In a rare 4-3 decision, the Supreme Court today holds an arbitrator, rather than only a court, is allowed to decide whether an arbitration agreement permits a classwide arbitration. The majority’s opinion in Sandquist v. Lebo Automotive, Inc. — by Justice Kathryn Werdegar for herself and Chief Justice Tani Cantil-Sakauye and Justices Goodwin Liu and Mariano-Florentino Cuéllar — concludes that “[n]o universal one-size-fits-all rule allocates that question to one decision maker or the other in every case.” Rejecting an argument that only federal law resolves the issue, the court interprets the parties’ arbitration agreement under California law, finding that “the parties’ arbitration provisions allocate the decision on the availability of class arbitration to the arbitrator, rather than reserving it for a court” and that the Federal Arbitration Act does require a contrary conclusion.
Justice Leondra Kruger dissents.
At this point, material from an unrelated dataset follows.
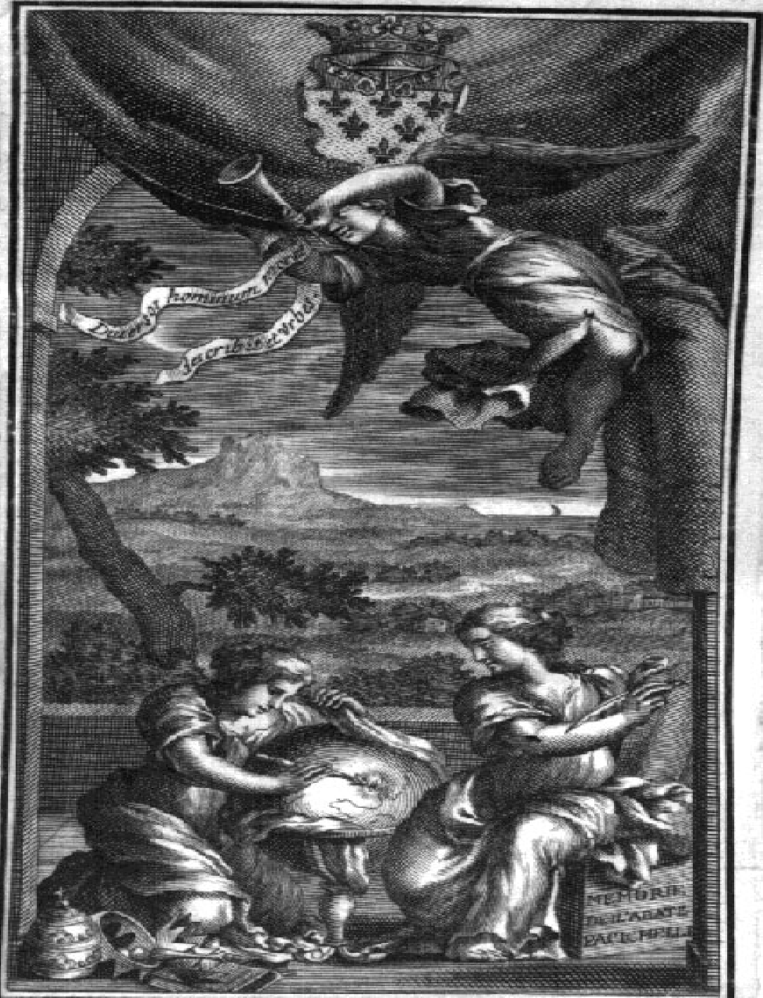
F. De Louvemont sculp.

Writing for herself and Justices Ming Chin and Carol Corrigan, she states that, under the federal legislation as interpreted by the U.S. Supreme Court, “the availability of class arbitration under the parties’ agreement is a ‘gateway question of arbitrability’ that is presumptively for a court to decide.”
The Supreme Court affirms the Second District, Division Seven, Court of Appeal. The court disapproves a 2014 decision by the Fourth District, Division One, and a 2012 decision by the Second District, Division Three. It also concludes that one of its own opinions, issued in 1982, is no longer good law because of intervening U.S. Supreme Court case law.
There hasn’t been a 4-3 split for quite a while, not since People v. Grimes was decided in January 2015. (Some might count the August 2015 People v. Prunty opinion as a 4-3 decision, but we list it as a 5-2 division.) The court granted rehearing in Grimes, but rehearing in Sandquist is unlikely because it’s not a “transition” case.